- Directed by: Rama Rau
- Written by: Bonnie Fairweather Kathleen Hepburn
- Produced by: Sally Karam
- Starring: Julia Sarah Stone Martha Plimpton
- Cinematography: Steve Cosens
- Edited by: Michael Pierro
- Music by: Casey Manierka-Quaile
- Release date: December 1, 2018 (Whistler);
- Running time: 93 minutes
- Country: Canada
- Language: English

= Honey Bee (2018 film) =

Honey Bee is a 2018 Canadian drama film written by Bonnie Fairweather and Kathleen Hepburn, directed by Rama Rau and starring Julia Sarah Stone and Martha Plimpton. It is Rau's narrative feature directorial debut.

==Cast==
- Julia Sarah Stone as Natalie
- Martha Plimpton as Louise
- Steven Love as Ryan
- Michelle McLeod as Chante
- Connor Price as Matt
- Sofia Banzhaf as Cherry
- Maurice Dean Wint as Det. Walker
- Peter Outerbridge as Christian
- Tammy Isbell as Sophia

==Release==
The film premiered at the 2018 Whistler Film Festival, and was released commercially on September 20, 2019.

==Reception==
The film has a 100% rating on Rotten Tomatoes based on seven reviews. Brad Wheeler of The Globe and Mail awarded the film two and a half stars out of four.

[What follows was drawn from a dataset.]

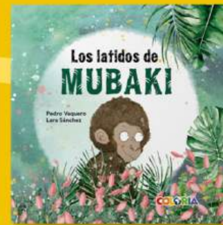
Los latidos de Mubaki MALTRATO ANIMAL, INTELIGENCIA EMOCIONAL

Norman Wilner of Now gave the film a positive review and wrote that it "doesn’t break new ground for this sort of drama, but it distinguishes itself in its slow accumulation of small moments."

Andrew Parker of TheGATE.ca also gave the film a positive review and wrote, "Anchored by Stone’s best performance to date as the caustic, but perceptive and often sympathetic Natalie, Honey Bee is a character drama that succeeds at every level."